On Feb. 7, Mainland Regional High School senior Hanna Anderson, 17, stood before an audience of hundreds. The spotlight was strong, a standing microphone her only prop.
The occasion was the Poetry Out Loud regional finals at the Center for the Arts at Rutgers-Camden. That segment of the contest, now in its eighth-year, involved 16 South Jersey high school students, each required to memorize and recite three poems, personally chosen from an anthology of selections.
Anderson, of Linwood, made an impact, winning the competition and earning her a spot at the state competition next month.
"I didn't expect to get past the school competition," she said. "I enjoyed it, and I had a good time, but I thought so many other people did such a great job."
The modest senior beat out classmates and 35 students at the schoolwide competition in December, Dorsey Finn, Mainland's supervisor of instruction, said.
"She has great control of the content, and in the end that's what really matters in this competition," said Finn, who oversees the English Department.
Finn brought Poetry Out Loud to Mainland with him six years ago, finding much success with the program while teaching at Absegami High School.

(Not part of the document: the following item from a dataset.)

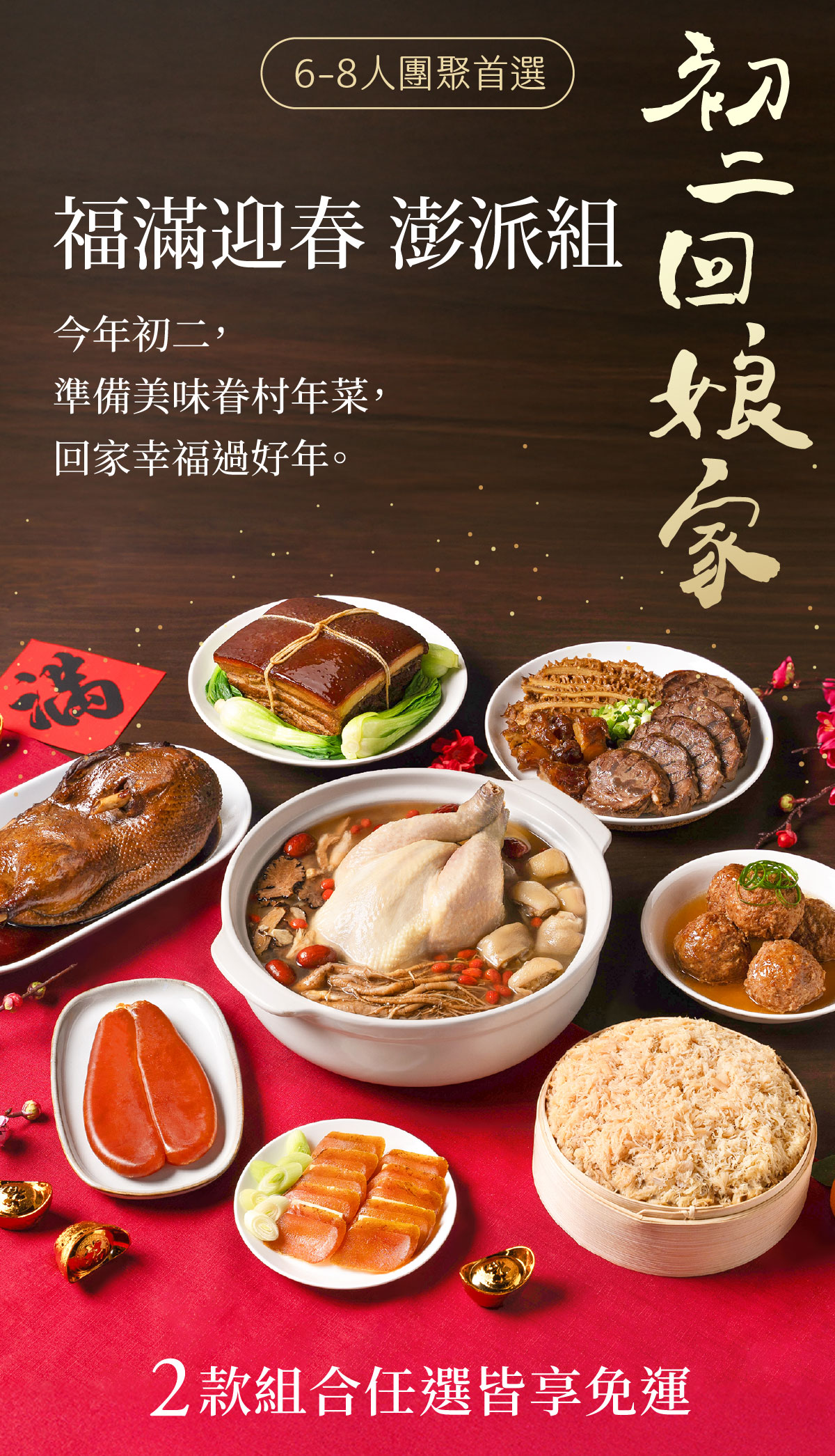 【初二回娘家❤福滿迎春-澎派組】蘋果日報-年菜評比冠軍✨超早鳥優惠86折✨(7款眷村圍爐年菜,2種好運組合任選)▲訂購請選到貨日,如指定日期請備註,整筆訂單統一出貨▲

Mainland has seen five of its six competitors advance from the regional to the state competition, he said.
"It feels pretty great. I am very proud," he said, adding that this year's schoolwide participation involved about a quarter of the school's students.
Anderson's Advanced Placement Literature teacher, Patricia McLaughlin, has been proud of her student's progress along the way, accompanying her to the regional competition, with plans to travel with her to the state competition.
McLaughlin said she has no doubts that Anderson could win at the next level.
"Hanna is very poised and confident in front of an audience," the teacher said via email. "She chose poems with high levels of difficulty to recite, which highlighted her range and ability to understand challenging works. Her accuracy in memorization is flawless and her diction is perfect."
Anderson - who recited "Thoughtless Cruelty," by Charles Lamb; "These Poems, She Said," by Robert Bringhurst; and "On the Existence of the Soul," by Pattiann Rogers - did not walk confidently on stage with little experience.
The 17-year-old credits some of her success to her association with the Drama Department. She competes with the school's speech and drama team at the New Jersey Drama and Forensics League championships, often in the poetry category, she said.
"I'm constantly using that which I think has been helpful, especially getting direct feedback from judges," she said. "I see the overlap."
Anderson will star in the school's spring musical, "In the Heights," which premieres March 21. The newly released production - Mainland is one of the first in the country to perform it - follows Nina, a resident of the struggling Latino community of Washington Heights.
But before Anderson takes the stage as its lead, she must travel to Princeton on March 15 for the New Jersey Poetry Out Loud state competition.
She will recite the same three poems and will be judged on her physical presence, her depth of understanding of each piece, the appropriateness of her dramatization, and her annunciation, clarity and accuracy, Finn said.
At Mainland recently, Anderson recited a stanza of "On the Existence of the Soul," claiming its reference to stars drew her to recite the piece.
"And if not for its sake, why would I go/out into the night alone and stare deliberately /straight up into 15 billion years ago and more?"
The senior admitted that poetry can sometimes seem boring, but the experience has taught her to open her eyes.
"I've learned so much from it already, and I've been exposed to so many new poems that I didn't really think I had an interest in."
If Anderson wins the state title, she will take an all-expenses-paid trip to Washington, D.C., in April to compete in the national championship. According to the Poetry Out Loud site, a total of $50,000 in awards and school stipends is awarded annually at these finals.